- **What you need to do**: Within the records that follow, restate exactly the lines from the line with "IKEA Gulliver lastenhoitopöytä." down to the line with "538๋ช…์˜ ๊ณผ๋ฐ˜์ธ 270๋ช…", including both. Omit the pictures.

- **Records shown**:
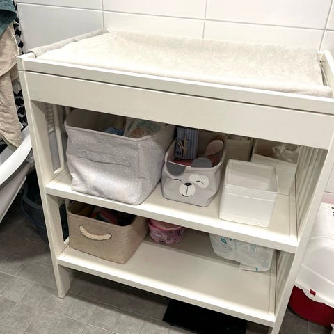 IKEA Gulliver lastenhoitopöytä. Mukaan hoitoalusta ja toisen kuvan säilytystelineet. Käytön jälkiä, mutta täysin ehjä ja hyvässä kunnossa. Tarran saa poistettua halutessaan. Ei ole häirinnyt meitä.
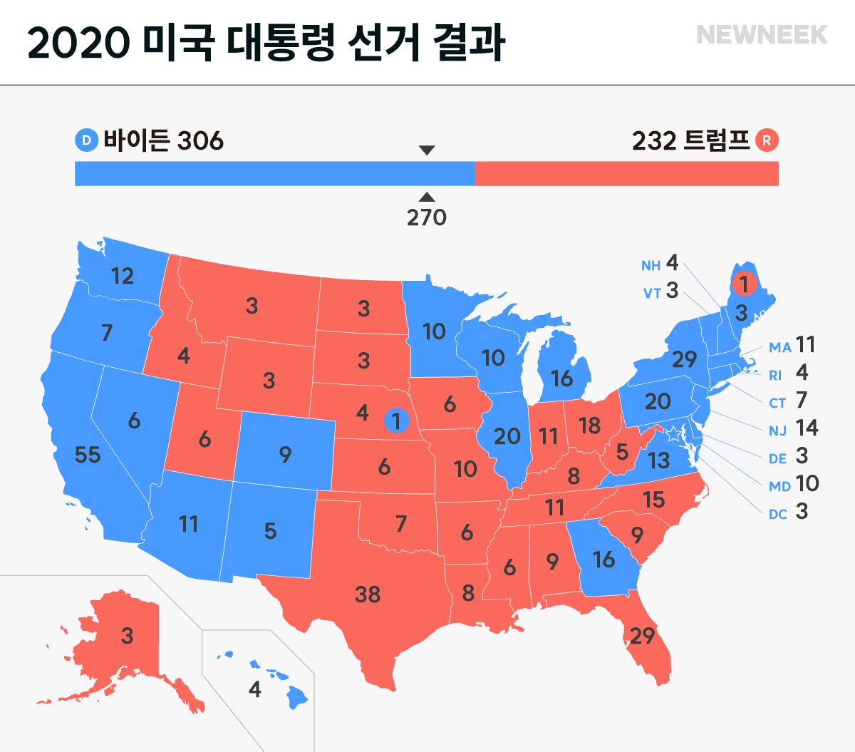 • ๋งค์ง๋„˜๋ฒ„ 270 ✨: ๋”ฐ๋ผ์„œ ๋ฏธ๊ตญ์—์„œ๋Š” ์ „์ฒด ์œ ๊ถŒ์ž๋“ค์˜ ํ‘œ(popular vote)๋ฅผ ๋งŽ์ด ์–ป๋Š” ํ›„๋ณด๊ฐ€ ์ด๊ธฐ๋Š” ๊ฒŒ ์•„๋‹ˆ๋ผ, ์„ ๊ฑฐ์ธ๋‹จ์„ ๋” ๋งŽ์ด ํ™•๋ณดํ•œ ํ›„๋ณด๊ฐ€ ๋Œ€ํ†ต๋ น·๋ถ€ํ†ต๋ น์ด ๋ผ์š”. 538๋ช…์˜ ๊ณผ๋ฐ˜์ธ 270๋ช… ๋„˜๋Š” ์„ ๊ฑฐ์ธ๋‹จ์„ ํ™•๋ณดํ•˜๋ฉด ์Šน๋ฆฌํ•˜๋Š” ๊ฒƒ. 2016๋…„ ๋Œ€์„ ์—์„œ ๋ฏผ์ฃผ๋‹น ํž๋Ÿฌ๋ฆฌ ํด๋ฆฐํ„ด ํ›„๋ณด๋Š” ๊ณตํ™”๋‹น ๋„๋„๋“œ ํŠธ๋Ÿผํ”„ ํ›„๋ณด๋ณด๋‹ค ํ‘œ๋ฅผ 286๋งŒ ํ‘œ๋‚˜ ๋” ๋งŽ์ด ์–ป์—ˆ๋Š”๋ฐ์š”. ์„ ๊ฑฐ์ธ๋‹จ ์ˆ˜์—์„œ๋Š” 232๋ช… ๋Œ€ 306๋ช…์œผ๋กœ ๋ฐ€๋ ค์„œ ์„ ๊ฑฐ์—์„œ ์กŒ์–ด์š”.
...
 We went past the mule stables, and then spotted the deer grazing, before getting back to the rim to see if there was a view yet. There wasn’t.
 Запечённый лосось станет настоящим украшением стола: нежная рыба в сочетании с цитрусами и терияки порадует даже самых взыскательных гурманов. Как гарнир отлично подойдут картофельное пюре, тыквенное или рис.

- **Answer to this task**:
 IKEA Gulliver lastenhoitopöytä. Mukaan hoitoalusta ja toisen kuvan säilytystelineet. Käytön jälkiä, mutta täysin ehjä ja hyvässä kunnossa. Tarran saa poistettua halutessaan. Ei ole häirinnyt meitä.
 • ๋งค์ง๋„˜๋ฒ„ 270 ✨: ๋”ฐ๋ผ์„œ ๋ฏธ๊ตญ์—์„œ๋Š” ์ „์ฒด ์œ ๊ถŒ์ž๋“ค์˜ ํ‘œ(popular vote)๋ฅผ ๋งŽ์ด ์–ป๋Š” ํ›„๋ณด๊ฐ€ ์ด๊ธฐ๋Š” ๊ฒŒ ์•„๋‹ˆ๋ผ, ์„ ๊ฑฐ์ธ๋‹จ์„ ๋” ๋งŽ์ด ํ™•๋ณดํ•œ ํ›„๋ณด๊ฐ€ ๋Œ€ํ†ต๋ น·๋ถ€ํ†ต๋ น์ด ๋ผ์š”. 538๋ช…์˜ ๊ณผ๋ฐ˜์ธ 270๋ช… ๋„˜๋Š” ์„ ๊ฑฐ์ธ๋‹จ์„ ํ™•๋ณดํ•˜๋ฉด ์Šน๋ฆฌํ•˜๋Š” ๊ฒƒ. 2016๋…„ ๋Œ€์„ ์—์„œ ๋ฏผ์ฃผ๋‹น ํž๋Ÿฌ๋ฆฌ ํด๋ฆฐํ„ด ํ›„๋ณด๋Š” ๊ณตํ™”๋‹น ๋„๋„๋“œ ํŠธ๋Ÿผํ”„ ํ›„๋ณด๋ณด๋‹ค ํ‘œ๋ฅผ 286๋งŒ ํ‘œ๋‚˜ ๋” ๋งŽ์ด ์–ป์—ˆ๋Š”๋ฐ์š”. ์„ ๊ฑฐ์ธ๋‹จ ์ˆ˜์—์„œ๋Š” 232๋ช… ๋Œ€ 306๋ช…์œผ๋กœ ๋ฐ€๋ ค์„œ ์„ ๊ฑฐ์—์„œ ์กŒ์–ด์š”.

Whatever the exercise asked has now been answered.